(Stored items)
※

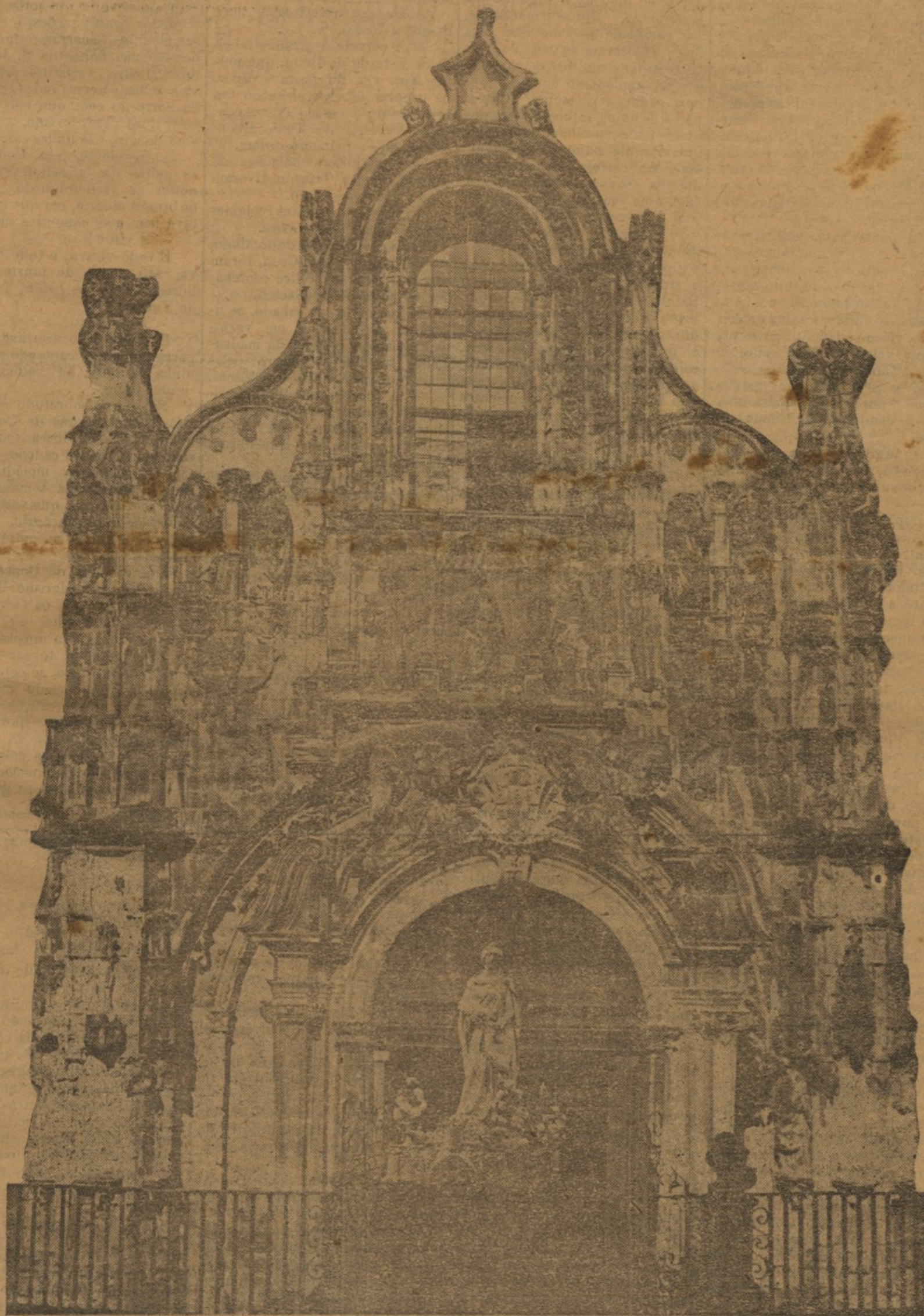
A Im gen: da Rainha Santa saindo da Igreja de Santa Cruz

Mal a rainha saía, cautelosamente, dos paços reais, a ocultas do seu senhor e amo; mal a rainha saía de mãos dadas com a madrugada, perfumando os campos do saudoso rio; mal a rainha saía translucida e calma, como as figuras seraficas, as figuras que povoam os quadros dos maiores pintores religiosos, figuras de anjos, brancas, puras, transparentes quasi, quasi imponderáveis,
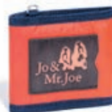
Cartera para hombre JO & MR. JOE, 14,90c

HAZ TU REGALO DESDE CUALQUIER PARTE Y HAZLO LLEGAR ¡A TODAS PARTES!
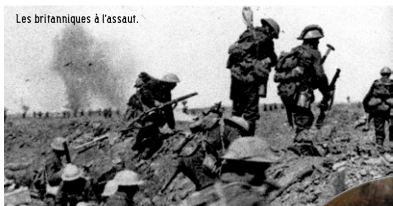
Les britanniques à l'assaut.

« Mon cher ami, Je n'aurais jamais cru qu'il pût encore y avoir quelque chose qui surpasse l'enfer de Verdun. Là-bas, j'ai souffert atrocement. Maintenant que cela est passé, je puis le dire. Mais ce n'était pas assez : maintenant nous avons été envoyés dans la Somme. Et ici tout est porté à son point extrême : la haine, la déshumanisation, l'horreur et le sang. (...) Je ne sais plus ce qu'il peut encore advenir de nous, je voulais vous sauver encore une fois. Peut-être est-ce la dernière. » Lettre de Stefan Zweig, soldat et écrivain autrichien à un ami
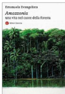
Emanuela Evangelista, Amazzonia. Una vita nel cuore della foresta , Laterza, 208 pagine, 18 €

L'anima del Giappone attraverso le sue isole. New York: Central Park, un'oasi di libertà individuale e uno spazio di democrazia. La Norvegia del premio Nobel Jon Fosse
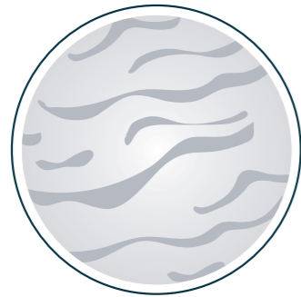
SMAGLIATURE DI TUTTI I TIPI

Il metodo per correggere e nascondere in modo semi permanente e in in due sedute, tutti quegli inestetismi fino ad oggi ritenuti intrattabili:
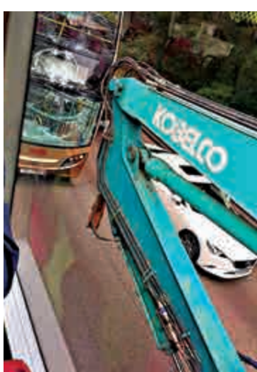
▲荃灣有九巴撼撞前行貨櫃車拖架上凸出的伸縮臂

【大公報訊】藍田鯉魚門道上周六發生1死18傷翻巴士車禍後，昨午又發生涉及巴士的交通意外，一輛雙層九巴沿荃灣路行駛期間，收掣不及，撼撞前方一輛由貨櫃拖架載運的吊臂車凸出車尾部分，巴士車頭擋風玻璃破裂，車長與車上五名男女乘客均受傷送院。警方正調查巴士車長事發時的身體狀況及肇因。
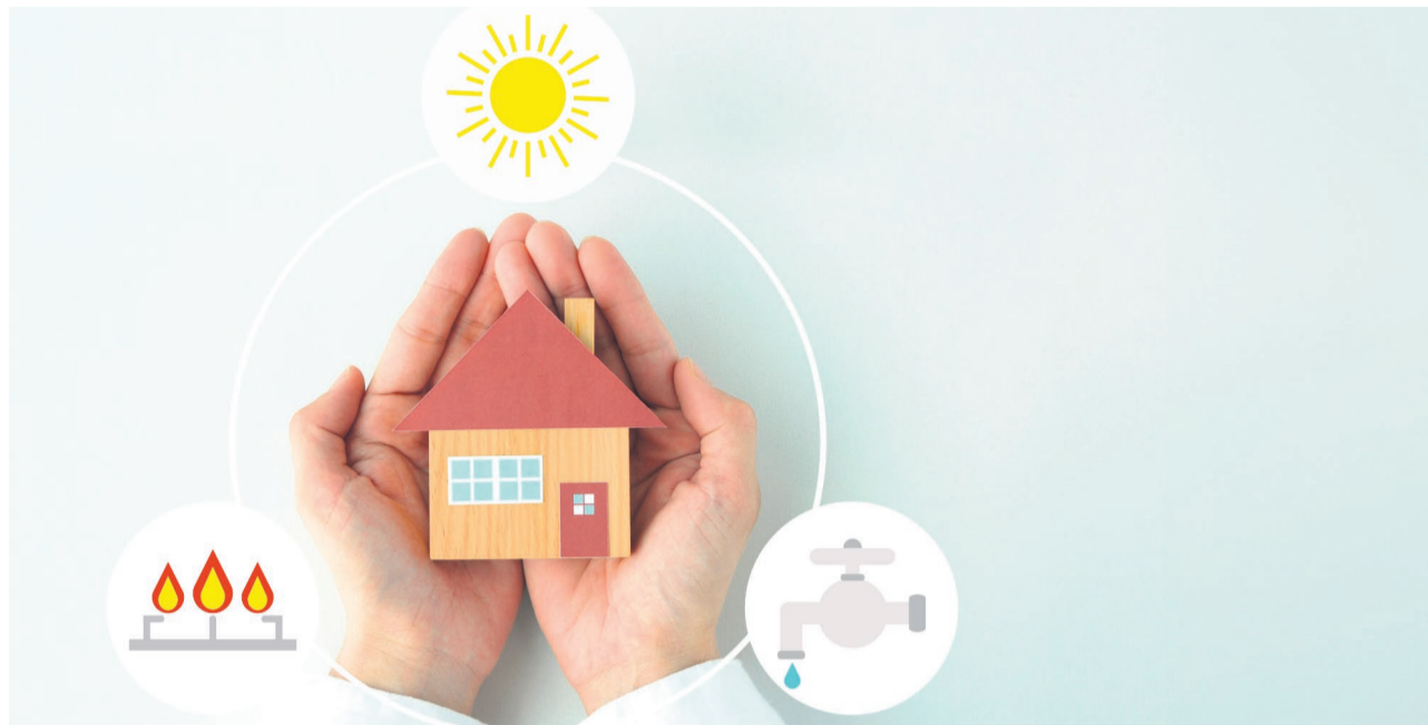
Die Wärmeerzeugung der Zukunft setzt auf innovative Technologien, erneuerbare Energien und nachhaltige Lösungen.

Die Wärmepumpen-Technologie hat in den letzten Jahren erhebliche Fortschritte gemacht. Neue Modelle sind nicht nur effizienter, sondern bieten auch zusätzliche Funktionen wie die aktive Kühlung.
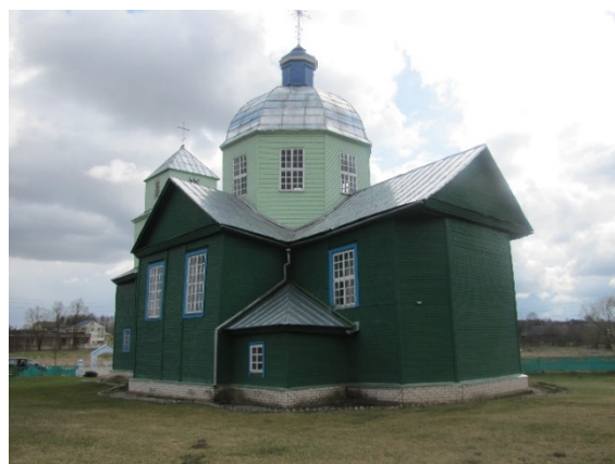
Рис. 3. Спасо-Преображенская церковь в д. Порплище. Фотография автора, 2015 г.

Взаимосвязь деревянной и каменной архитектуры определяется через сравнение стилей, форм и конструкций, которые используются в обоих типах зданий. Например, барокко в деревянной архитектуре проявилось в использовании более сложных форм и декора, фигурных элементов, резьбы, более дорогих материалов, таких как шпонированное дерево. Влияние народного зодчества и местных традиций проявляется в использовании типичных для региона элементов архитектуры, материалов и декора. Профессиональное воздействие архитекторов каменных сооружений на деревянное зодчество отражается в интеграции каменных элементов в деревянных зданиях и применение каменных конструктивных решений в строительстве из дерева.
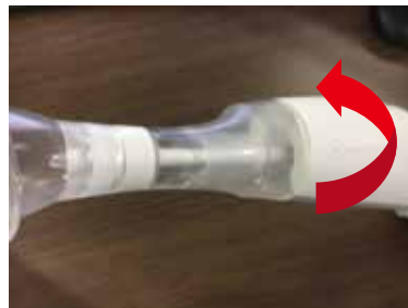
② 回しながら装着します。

※

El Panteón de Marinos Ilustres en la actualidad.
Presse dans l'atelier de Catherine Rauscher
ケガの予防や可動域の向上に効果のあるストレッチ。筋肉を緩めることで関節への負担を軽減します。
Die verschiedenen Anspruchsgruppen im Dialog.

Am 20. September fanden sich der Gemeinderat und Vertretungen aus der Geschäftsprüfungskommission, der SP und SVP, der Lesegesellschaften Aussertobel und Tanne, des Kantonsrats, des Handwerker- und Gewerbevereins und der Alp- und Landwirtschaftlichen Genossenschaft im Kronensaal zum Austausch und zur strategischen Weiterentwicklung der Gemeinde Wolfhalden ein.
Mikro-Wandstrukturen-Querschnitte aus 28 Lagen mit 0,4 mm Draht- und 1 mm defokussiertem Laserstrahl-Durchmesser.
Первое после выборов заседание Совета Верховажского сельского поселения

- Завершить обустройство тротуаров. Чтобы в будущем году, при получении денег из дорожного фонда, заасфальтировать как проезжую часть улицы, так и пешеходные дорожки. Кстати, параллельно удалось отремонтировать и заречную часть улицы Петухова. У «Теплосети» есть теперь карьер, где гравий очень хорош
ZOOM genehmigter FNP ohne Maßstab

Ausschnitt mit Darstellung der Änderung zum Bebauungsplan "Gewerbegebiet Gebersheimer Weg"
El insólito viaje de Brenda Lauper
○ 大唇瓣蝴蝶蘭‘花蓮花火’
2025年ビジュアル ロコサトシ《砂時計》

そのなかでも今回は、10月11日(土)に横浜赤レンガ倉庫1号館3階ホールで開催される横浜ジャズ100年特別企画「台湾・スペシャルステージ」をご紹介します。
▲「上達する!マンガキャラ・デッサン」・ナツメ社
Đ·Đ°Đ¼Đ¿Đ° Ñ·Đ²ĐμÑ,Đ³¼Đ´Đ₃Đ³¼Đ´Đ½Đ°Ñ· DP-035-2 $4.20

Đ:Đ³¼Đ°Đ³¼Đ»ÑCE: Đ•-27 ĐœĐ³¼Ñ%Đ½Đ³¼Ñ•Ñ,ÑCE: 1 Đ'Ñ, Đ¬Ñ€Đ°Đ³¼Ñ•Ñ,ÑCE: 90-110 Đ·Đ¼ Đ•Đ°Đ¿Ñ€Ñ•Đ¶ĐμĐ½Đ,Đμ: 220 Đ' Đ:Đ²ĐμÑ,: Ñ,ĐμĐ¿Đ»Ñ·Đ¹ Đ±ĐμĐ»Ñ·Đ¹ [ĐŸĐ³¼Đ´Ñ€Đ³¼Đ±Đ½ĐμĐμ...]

※

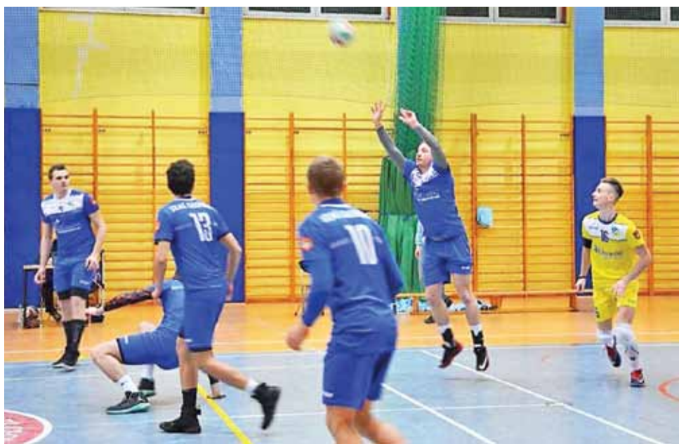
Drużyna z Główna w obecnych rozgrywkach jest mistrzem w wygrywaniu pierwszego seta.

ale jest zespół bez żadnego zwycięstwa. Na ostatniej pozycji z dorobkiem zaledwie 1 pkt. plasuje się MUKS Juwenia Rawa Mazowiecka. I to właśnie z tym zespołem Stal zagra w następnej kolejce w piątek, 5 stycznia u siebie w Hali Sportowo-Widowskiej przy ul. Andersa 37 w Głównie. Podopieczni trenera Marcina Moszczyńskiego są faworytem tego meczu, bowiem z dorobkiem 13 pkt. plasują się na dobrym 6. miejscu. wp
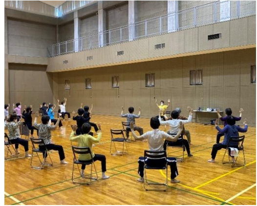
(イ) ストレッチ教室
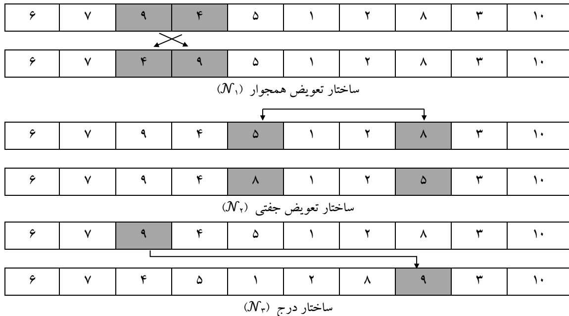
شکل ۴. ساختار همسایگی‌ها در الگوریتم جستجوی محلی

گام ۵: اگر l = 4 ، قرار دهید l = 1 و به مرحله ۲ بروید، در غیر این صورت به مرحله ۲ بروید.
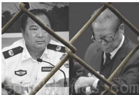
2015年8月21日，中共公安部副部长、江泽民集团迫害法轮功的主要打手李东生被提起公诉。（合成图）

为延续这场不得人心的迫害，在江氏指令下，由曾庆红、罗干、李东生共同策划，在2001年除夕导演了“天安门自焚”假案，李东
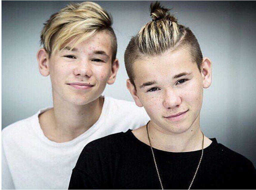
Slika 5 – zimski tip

※

## Assignment
Please give an exact copy of the entries above, from the line with "Đ·Đ°Đ¼Đ¿Đ° Ñ·Đ²ĐμÑ,Đ³¼Đ´Đ₃Đ³¼Đ´Đ½Đ°Ñ· DP-035-2" down to the line with "Đ•-27 ĐœĐ³¼Ñ%Đ½Đ³¼Ñ•Ñ,ÑCE: 1", inclusive, and nothing else.

## Response box
Đ·Đ°Đ¼Đ¿Đ° Ñ·Đ²ĐμÑ,Đ³¼Đ´Đ₃Đ³¼Đ´Đ½Đ°Ñ· DP-035-2 $4.20

Đ:Đ³¼Đ°Đ³¼Đ»ÑCE: Đ•-27 ĐœĐ³¼Ñ%Đ½Đ³¼Ñ•Ñ,ÑCE: 1 Đ'Ñ, Đ¬Ñ€Đ°Đ³¼Ñ•Ñ,ÑCE: 90-110 Đ·Đ¼ Đ•Đ°Đ¿Ñ€Ñ•Đ¶ĐμĐ½Đ,Đμ: 220 Đ' Đ:Đ²ĐμÑ,: Ñ,ĐμĐ¿Đ»Ñ·Đ¹ Đ±ĐμĐ»Ñ·Đ¹ [ĐŸĐ³¼Đ´Ñ€Đ³¼Đ±Đ½ĐμĐμ...]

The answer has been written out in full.